I’m getting pretty depressed about not being able to run. Or rather, not being willing to run. I was doing OK until this weekend, but then it just kind of hit me. I think that all the free time I have is a bit of a shock and I don’t know what to do with it, so I just mope and feel sorry for myself. That doesn’t help.
It’s been a week and a half since I last ran, which feels like an eternity. All I can really say is things feel better than they did two weeks ago, but not 100%.
I don’t know if it is necessary to wait for 100% before running again, and I don’t know if I will reach 100% without actual treatment. Probably I just need to be patient for a couple more weeks, but since this has been lingering for a few months now, is weeks a realistic timescale? I don’t know. The uncertainty is frustrating.
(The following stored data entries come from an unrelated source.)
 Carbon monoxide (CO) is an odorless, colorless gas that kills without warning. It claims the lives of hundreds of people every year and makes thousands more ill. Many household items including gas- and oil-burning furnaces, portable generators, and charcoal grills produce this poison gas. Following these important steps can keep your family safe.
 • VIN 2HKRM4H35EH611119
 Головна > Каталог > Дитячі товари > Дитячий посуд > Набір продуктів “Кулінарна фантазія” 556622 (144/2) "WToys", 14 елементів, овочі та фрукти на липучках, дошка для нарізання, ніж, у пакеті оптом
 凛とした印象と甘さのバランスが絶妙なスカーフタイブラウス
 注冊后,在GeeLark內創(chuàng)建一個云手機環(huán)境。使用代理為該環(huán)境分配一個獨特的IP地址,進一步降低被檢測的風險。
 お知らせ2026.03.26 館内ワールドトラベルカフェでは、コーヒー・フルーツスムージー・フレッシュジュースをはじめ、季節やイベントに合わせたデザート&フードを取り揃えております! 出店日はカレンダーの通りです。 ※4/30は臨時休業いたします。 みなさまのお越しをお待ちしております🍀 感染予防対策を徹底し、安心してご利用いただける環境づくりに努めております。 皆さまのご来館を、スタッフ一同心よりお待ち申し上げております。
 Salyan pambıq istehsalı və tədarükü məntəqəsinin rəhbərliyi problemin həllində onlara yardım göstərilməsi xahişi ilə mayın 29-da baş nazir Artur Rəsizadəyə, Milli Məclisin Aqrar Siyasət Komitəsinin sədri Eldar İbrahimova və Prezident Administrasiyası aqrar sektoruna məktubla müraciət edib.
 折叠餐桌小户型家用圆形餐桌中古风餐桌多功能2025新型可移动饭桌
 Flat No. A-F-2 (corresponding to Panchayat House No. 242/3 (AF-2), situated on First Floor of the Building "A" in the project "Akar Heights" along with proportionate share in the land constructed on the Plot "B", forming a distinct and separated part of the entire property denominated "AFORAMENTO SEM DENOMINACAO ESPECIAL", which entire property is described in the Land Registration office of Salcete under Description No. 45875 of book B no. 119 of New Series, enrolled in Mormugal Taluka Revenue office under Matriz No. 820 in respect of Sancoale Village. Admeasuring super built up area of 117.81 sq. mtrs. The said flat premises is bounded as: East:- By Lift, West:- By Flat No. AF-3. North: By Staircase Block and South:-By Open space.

In an effort to distract myself I started trying to play computer games again, because browsing Reddit doesn’t really seem like a hobby. I find computer games don’t really engage me and I just get bored, except sometimes, one really does engage me and it sucks me in for weeks. I started a new Rimworld colony and it’s going pretty well. I built a few rooms, planted a few crops, built a wall around my crops to stop the elephants eating them, protected my cat from being attacked by a snake, and fended off two raids. My colonists are a bit depressed because their bedroom floors are made of soil, but they’ll be OK. When you crash-land on a new planet you have to lower your expectations a bit.